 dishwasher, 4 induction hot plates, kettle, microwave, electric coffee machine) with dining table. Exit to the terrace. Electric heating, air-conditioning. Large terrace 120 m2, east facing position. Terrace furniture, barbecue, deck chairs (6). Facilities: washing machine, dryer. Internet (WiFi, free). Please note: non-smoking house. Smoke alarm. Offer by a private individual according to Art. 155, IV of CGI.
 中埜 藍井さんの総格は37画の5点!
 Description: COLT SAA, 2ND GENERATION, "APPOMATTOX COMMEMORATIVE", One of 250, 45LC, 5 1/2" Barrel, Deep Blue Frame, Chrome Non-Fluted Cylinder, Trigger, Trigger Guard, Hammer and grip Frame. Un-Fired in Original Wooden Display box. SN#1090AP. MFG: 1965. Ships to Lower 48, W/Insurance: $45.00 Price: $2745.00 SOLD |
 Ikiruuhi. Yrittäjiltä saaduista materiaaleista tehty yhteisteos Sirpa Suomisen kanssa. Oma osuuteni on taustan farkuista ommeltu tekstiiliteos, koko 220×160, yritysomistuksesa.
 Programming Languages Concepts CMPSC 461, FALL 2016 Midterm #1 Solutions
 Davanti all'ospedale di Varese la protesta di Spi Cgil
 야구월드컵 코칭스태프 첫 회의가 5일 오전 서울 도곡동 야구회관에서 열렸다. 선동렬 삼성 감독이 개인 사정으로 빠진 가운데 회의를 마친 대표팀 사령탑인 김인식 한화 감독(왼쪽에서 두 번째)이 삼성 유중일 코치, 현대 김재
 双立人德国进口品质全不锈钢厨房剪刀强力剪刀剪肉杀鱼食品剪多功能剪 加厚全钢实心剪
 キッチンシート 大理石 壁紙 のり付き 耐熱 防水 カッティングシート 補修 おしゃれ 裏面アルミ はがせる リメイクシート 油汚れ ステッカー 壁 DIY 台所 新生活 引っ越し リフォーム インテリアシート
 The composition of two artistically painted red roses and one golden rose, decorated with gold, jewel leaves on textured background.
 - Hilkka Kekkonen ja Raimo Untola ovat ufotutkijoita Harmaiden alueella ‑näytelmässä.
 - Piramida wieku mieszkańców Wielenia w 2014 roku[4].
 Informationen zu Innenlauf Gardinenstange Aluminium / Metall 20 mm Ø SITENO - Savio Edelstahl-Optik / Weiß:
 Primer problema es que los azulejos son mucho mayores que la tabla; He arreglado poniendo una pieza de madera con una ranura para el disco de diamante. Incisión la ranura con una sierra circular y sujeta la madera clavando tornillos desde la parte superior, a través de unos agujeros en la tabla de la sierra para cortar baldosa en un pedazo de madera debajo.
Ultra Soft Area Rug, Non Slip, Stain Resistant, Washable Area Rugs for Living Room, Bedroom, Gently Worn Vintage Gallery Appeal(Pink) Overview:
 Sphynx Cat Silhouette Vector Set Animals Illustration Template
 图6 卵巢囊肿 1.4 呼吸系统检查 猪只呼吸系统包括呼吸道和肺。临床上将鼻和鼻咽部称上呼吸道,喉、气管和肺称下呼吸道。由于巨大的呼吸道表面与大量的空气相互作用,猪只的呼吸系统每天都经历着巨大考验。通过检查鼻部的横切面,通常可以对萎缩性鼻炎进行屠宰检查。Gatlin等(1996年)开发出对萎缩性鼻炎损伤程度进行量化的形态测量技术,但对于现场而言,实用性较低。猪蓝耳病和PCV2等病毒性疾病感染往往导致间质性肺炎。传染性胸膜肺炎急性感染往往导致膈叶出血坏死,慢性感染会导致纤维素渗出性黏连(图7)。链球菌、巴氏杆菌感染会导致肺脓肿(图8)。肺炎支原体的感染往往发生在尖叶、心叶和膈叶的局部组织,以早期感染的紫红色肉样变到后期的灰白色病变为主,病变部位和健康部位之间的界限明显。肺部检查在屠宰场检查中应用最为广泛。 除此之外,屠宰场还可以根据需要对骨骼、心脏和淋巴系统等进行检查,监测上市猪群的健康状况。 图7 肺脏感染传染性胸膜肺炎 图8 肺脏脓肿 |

# # #

## [TASK DIRECTIONS]
The requested output is the line holding "Primer problema es" and every line after it up to the last line of the listing, exactly, with nothing else.

## [RESULT FOR THIS TASK]
 Primer problema es que los azulejos son mucho mayores que la tabla; He arreglado poniendo una pieza de madera con una ranura para el disco de diamante. Incisión la ranura con una sierra circular y sujeta la madera clavando tornillos desde la parte superior, a través de unos agujeros en la tabla de la sierra para cortar baldosa en un pedazo de madera debajo.
Ultra Soft Area Rug, Non Slip, Stain Resistant, Washable Area Rugs for Living Room, Bedroom, Gently Worn Vintage Gallery Appeal(Pink) Overview:
 Sphynx Cat Silhouette Vector Set Animals Illustration Template
 图6 卵巢囊肿 1.4 呼吸系统检查 猪只呼吸系统包括呼吸道和肺。临床上将鼻和鼻咽部称上呼吸道,喉、气管和肺称下呼吸道。由于巨大的呼吸道表面与大量的空气相互作用,猪只的呼吸系统每天都经历着巨大考验。通过检查鼻部的横切面,通常可以对萎缩性鼻炎进行屠宰检查。Gatlin等(1996年)开发出对萎缩性鼻炎损伤程度进行量化的形态测量技术,但对于现场而言,实用性较低。猪蓝耳病和PCV2等病毒性疾病感染往往导致间质性肺炎。传染性胸膜肺炎急性感染往往导致膈叶出血坏死,慢性感染会导致纤维素渗出性黏连(图7)。链球菌、巴氏杆菌感染会导致肺脓肿(图8)。肺炎支原体的感染往往发生在尖叶、心叶和膈叶的局部组织,以早期感染的紫红色肉样变到后期的灰白色病变为主,病变部位和健康部位之间的界限明显。肺部检查在屠宰场检查中应用最为广泛。 除此之外,屠宰场还可以根据需要对骨骼、心脏和淋巴系统等进行检查,监测上市猪群的健康状况。 图7 肺脏感染传染性胸膜肺炎 图8 肺脏脓肿 |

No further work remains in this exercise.